An exact reproduction of the listing is wanted, with the pictures dropped.

- _DATA SEGMENT_
--------

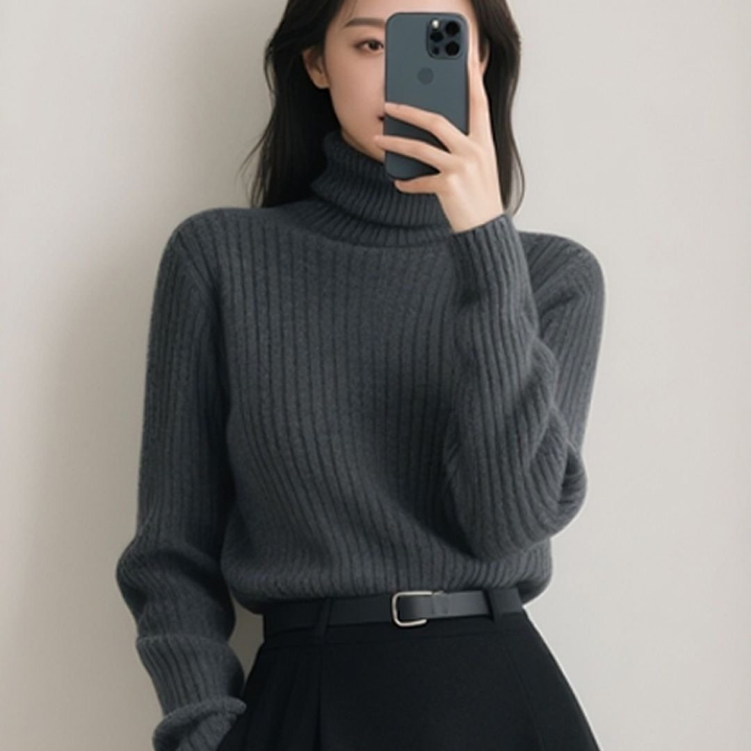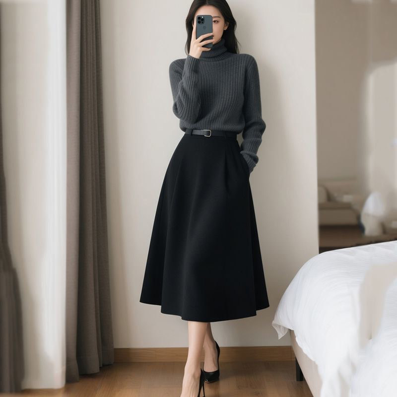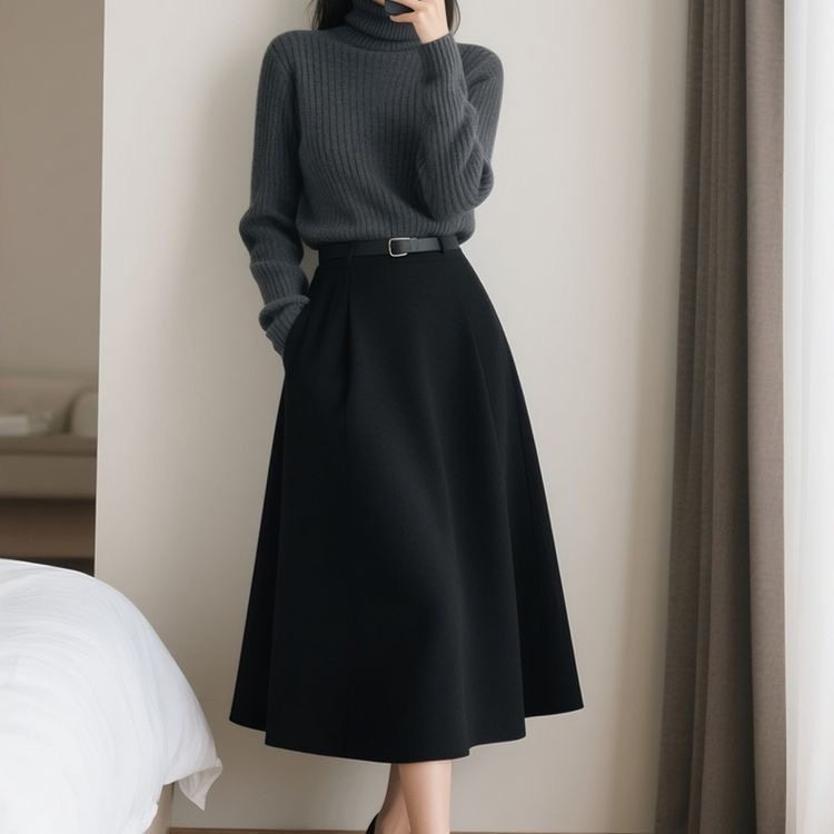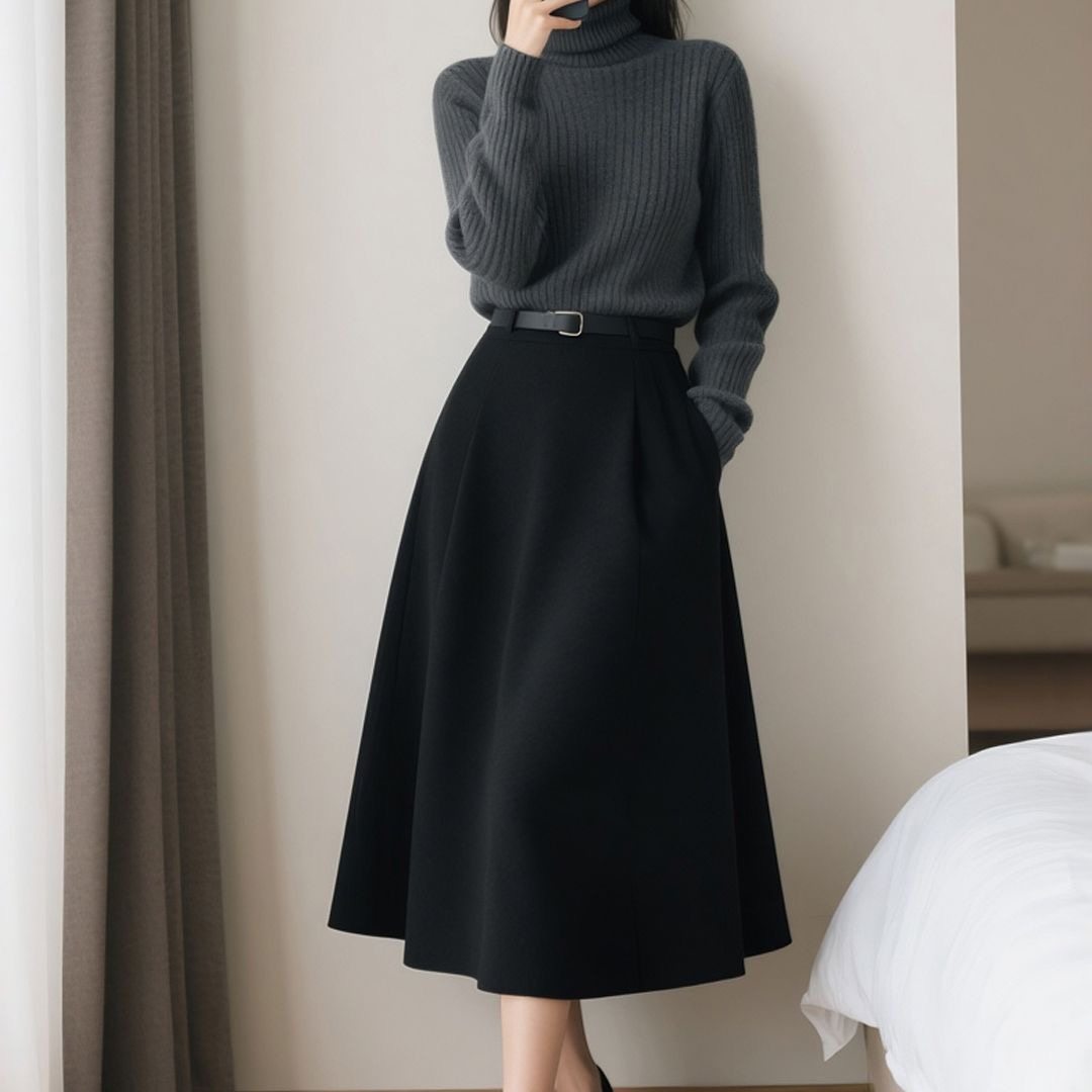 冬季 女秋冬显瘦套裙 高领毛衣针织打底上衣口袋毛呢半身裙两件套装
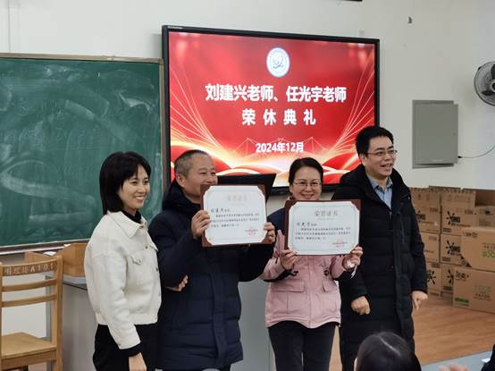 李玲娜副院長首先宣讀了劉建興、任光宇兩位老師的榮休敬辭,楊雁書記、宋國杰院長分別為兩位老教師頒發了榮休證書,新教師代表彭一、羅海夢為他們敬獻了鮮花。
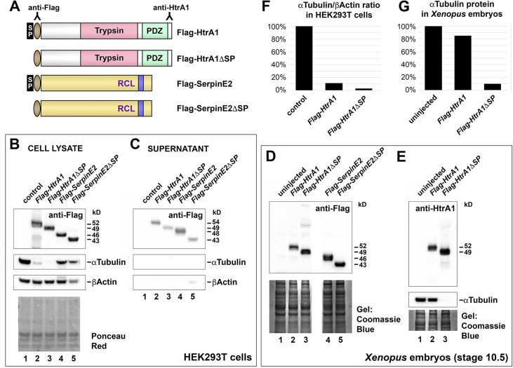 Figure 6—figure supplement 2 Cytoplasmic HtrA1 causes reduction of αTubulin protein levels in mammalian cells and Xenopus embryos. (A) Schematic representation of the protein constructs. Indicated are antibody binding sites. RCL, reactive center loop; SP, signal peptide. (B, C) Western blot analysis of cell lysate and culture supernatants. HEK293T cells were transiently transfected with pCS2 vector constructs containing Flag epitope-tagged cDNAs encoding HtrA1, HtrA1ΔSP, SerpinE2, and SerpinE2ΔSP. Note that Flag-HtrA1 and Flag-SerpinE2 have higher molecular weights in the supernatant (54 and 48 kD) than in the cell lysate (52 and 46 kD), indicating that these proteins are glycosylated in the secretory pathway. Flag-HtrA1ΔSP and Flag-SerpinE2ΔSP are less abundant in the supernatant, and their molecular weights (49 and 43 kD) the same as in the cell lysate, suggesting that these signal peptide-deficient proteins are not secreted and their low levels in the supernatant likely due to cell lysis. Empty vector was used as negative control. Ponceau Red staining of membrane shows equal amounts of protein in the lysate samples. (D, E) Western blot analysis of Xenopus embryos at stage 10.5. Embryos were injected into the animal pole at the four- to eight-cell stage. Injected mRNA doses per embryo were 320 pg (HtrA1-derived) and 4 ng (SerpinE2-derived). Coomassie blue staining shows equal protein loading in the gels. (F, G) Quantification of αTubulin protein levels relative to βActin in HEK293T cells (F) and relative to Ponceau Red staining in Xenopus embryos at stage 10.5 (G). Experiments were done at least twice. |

--------

- _RESULT OF THIS TASK_
 冬季 女秋冬显瘦套裙 高领毛衣针织打底上衣口袋毛呢半身裙两件套装
 李玲娜副院長首先宣讀了劉建興、任光宇兩位老師的榮休敬辭,楊雁書記、宋國杰院長分別為兩位老教師頒發了榮休證書,新教師代表彭一、羅海夢為他們敬獻了鮮花。
 Figure 6—figure supplement 2 Cytoplasmic HtrA1 causes reduction of αTubulin protein levels in mammalian cells and Xenopus embryos. (A) Schematic representation of the protein constructs. Indicated are antibody binding sites. RCL, reactive center loop; SP, signal peptide. (B, C) Western blot analysis of cell lysate and culture supernatants. HEK293T cells were transiently transfected with pCS2 vector constructs containing Flag epitope-tagged cDNAs encoding HtrA1, HtrA1ΔSP, SerpinE2, and SerpinE2ΔSP. Note that Flag-HtrA1 and Flag-SerpinE2 have higher molecular weights in the supernatant (54 and 48 kD) than in the cell lysate (52 and 46 kD), indicating that these proteins are glycosylated in the secretory pathway. Flag-HtrA1ΔSP and Flag-SerpinE2ΔSP are less abundant in the supernatant, and their molecular weights (49 and 43 kD) the same as in the cell lysate, suggesting that these signal peptide-deficient proteins are not secreted and their low levels in the supernatant likely due to cell lysis. Empty vector was used as negative control. Ponceau Red staining of membrane shows equal amounts of protein in the lysate samples. (D, E) Western blot analysis of Xenopus embryos at stage 10.5. Embryos were injected into the animal pole at the four- to eight-cell stage. Injected mRNA doses per embryo were 320 pg (HtrA1-derived) and 4 ng (SerpinE2-derived). Coomassie blue staining shows equal protein loading in the gels. (F, G) Quantification of αTubulin protein levels relative to βActin in HEK293T cells (F) and relative to Ponceau Red staining in Xenopus embryos at stage 10.5 (G). Experiments were done at least twice. |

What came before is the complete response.